JARA-HPC: Computer Simulation Using High-Performance ComputersPeter Winandy
Computer simulations have become the third pillar of research next to theory and experiment. They open up new scientific perspectives that for physical-technical or financial reasons have so far been denied. Researchers of nearly all scientific fields can benefit from simulations: from medical sciences to engineering, information technology and material sciences up to environmental and energy research. Many simulations, however, require the enormous processing power of supercomputers.
High-Performance Computing in the Service of Science and Research
Scientists of the section JARA-HPC– short of High-Performance Computing– unite the specialist know-how of highly parallel computing on supercomputers with the respective special knowledge of physicians, engineers, and other scientific researchers.
In doing so they considerably contribute to making full use of the opportunities computer simulations offer to address current scientific issues. JARA-HPC scientists are part of a unique organizational structure comprising socalled Simulation Laboratories – SimLabs, Cross-Sectional Groups – CSGs, and JADE.
Research into Application
Among other achievements, computer simulations helped researchers of JARA-HPC to improve blood pumps that support the heart of seriously ill patients, and to create a "virtual brain" with which brain scientists can now better investigate and understand interconnections of the real brain.
They have calculated unusual magnetic and electronic properties of materials, leading to the manufacture of novel electronic components or data storage systems on the basis of the knowledge acquired through simulations.
Furthermore, JARA-HPC scientists have developed computer simulations with which the effects of human activities on the biodiversity of meadows and grasslands in the Nationalpark Eifel can be predicted.
Researchers of the section HPC have access to supercomputers that internationally excel in performance, in particular via Jülich Supercomputing Centre (JSC). They are developing application software keeping pace with the constant performance increase of high-performance computers.

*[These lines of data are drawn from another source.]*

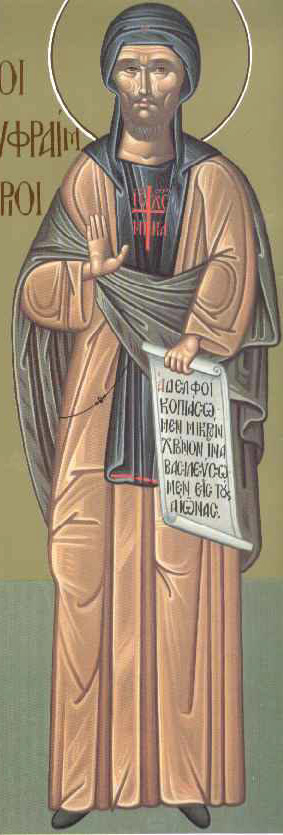 Ο Οσιος Εφραίμ (306-373 μ.Χ.) ανήκει στη χρυσή εποχή του 4ου μ.Χ. αιώνα. Γεννήθηκε στην πόλη Νισιβη της Συρίας, άσημος, πτωχός, αλλά «συγγενής μαρτύρων», όπως γράφει ο ίδιος, έχει δάσκαλο τον Επίσκοπο της πόλεως Ιάκωβο, τον «επίλεκτο σύμμαχο» στούς αγώνες του Μεγάλου Αθανασίου (18 Ιανουαρίου).
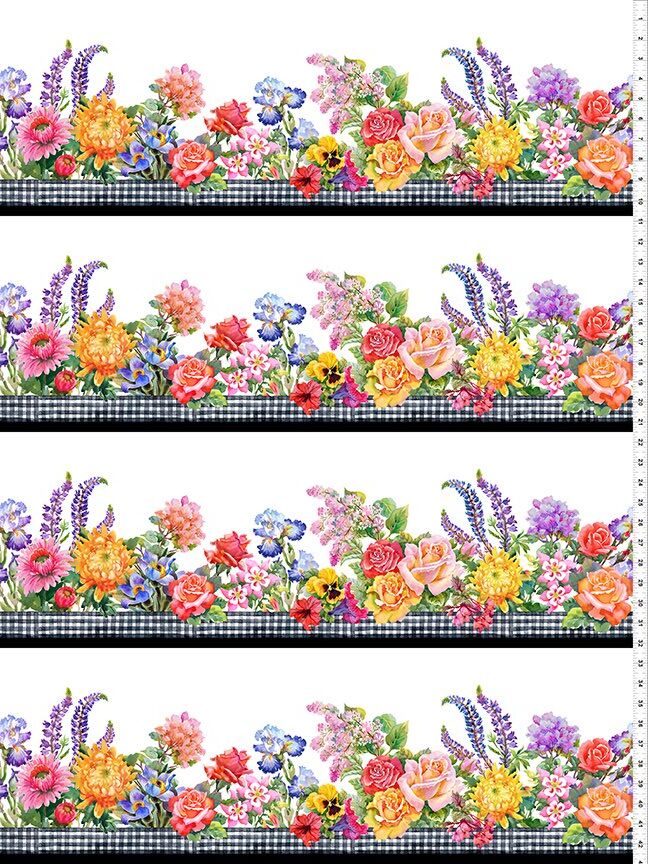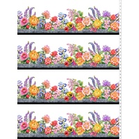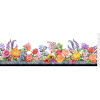 “Supplier Super Sale Special – limited quantities available once cut from the bolt.” Lush floral bouquets cascade in repeating border panels, framed with contrasting accents to create a bold and structured design. Perfect for statement quilt borders, runners and projects that showcase colour and movement.
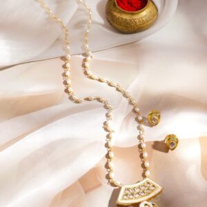 Necklace : 18K gold-plated necklace set with lustrous white pearl beads and dazzling kundan stones, offering timeless elegance for weddings, festive celebrations, and party occasions. Perfect for Traditional Styling: Ideal for sangeet, mehendi, festive gatherings or pairing with sarees and traditional suits, this necklace balances subtlety with heritage-inspired detailing. Material & Care Dimension : Length : Necklace : 26 cm ; Earring : 3 Width : Necklace : 1 cm ; Earring : 1.5 Material: Brass Net Weight: 23.43 Gram Net Quantity: 1 Necklace and 1 Pair of Earrings Care Label: It is advisable to avoid contact with water and organic chemicals i.e. perfume sprays. Store jewellery in airtight box. After use, wipe the jewellery with soft cotton cloth.
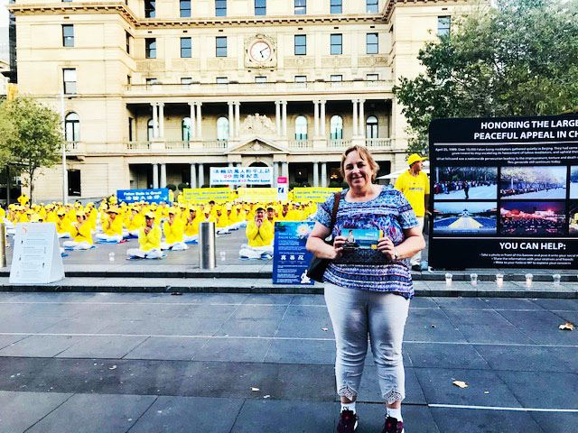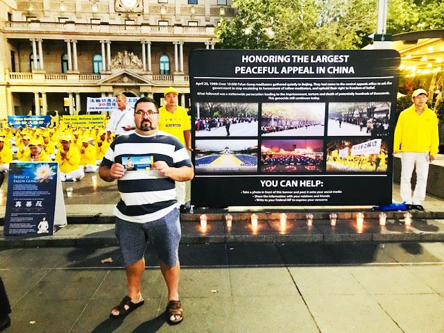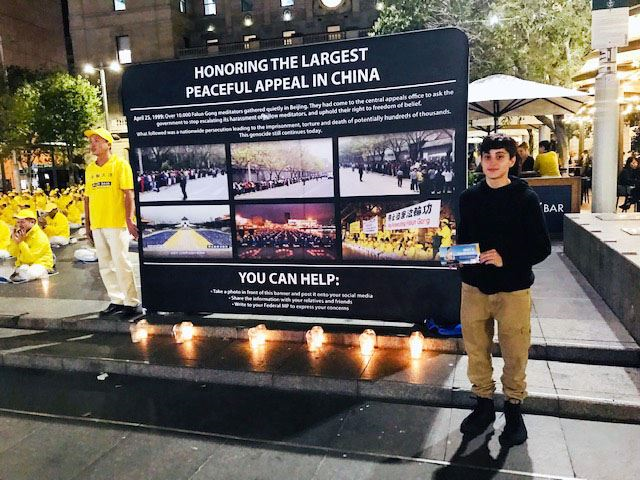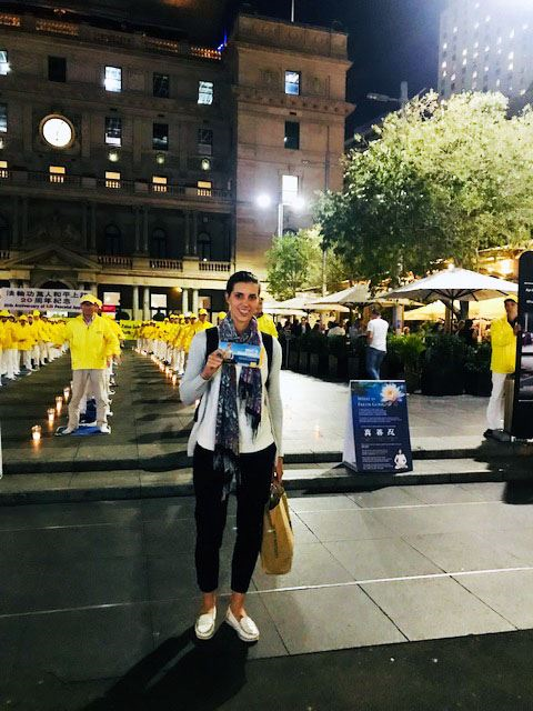 来自阿德莱德的朱莉(Julie)女士来悉尼探望自己的孩子,了解真相后,她说:“我自己深感愧疚之前一直没有听说过法轮功。我认为每个人都有权利选择自己的信仰从而做有利于社会的人。我觉得中国政府肆意杀害在中国的法轮功修炼者是大错特错的行为。我表示赞同今晚这种和平请愿的方式向世人诉说法轮功的处境,因为作恶的政府最害怕的就是把他们的罪行被社会曝光。我认为法轮大法的真、善、忍是无可争议的普世价值。中国政府对法轮功的迫害和‘六·四’在天安门用坦克血腥镇压请愿学生如出一辙,迫害者是因为恐惧而加害于受害者。”

Scientists of the section JARA-HPC combine the necessary modeling approaches and numerical methods for massively parallel computing on supercomputers in the SimLabs.
There are currently three SimLabs in different scientific disciplines in which users are provided targeted support in the development of new simulation applications and the optimization of previously existing simulation applications:
- SimLab Highly Scalable Fluids & Solids Engineering: Research and support for users in structural and fluid mechanics for the use of massively parallel systems
- SimLab ab initio Methods in Chemistry and Physics: Research and support for users for ab-initio simulations in chemistry, physics, and the natural sciences
- SimLab Neuroscience: Development of models and databases for large network simulations of the brain
The work in the SimLabs is supported by cross-sectional groups. These teams include mathematicians and computer scientists, whose methodological know-how benefits all users of high-performance computers.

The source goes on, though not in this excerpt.